:: GIVEN INFORMATION ::
———

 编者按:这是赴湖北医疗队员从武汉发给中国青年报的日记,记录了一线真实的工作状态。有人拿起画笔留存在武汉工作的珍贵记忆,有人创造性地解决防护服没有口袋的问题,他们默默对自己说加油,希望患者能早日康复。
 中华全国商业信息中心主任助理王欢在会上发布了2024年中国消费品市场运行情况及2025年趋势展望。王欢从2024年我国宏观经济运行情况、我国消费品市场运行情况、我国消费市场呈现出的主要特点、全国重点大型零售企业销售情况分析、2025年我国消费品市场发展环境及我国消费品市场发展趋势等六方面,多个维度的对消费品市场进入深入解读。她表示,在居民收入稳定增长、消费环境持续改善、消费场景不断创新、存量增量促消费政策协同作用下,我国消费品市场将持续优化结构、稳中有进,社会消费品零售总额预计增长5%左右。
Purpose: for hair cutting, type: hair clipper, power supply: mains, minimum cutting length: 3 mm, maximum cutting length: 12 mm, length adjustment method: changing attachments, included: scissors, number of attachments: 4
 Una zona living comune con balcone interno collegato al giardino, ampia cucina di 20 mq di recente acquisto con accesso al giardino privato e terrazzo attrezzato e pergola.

———

:: WHAT YOU ARE ASKED TO DO ::
Repeat exactly the lines of the listing from its first line through the line that holds "中华全国商业信息中心主任助理". Nothing else should appear.

:: ANSWER BOX ::
 编者按:这是赴湖北医疗队员从武汉发给中国青年报的日记,记录了一线真实的工作状态。有人拿起画笔留存在武汉工作的珍贵记忆,有人创造性地解决防护服没有口袋的问题,他们默默对自己说加油,希望患者能早日康复。
 中华全国商业信息中心主任助理王欢在会上发布了2024年中国消费品市场运行情况及2025年趋势展望。王欢从2024年我国宏观经济运行情况、我国消费品市场运行情况、我国消费市场呈现出的主要特点、全国重点大型零售企业销售情况分析、2025年我国消费品市场发展环境及我国消费品市场发展趋势等六方面,多个维度的对消费品市场进入深入解读。她表示,在居民收入稳定增长、消费环境持续改善、消费场景不断创新、存量增量促消费政策协同作用下,我国消费品市场将持续优化结构、稳中有进,社会消费品零售总额预计增长5%左右。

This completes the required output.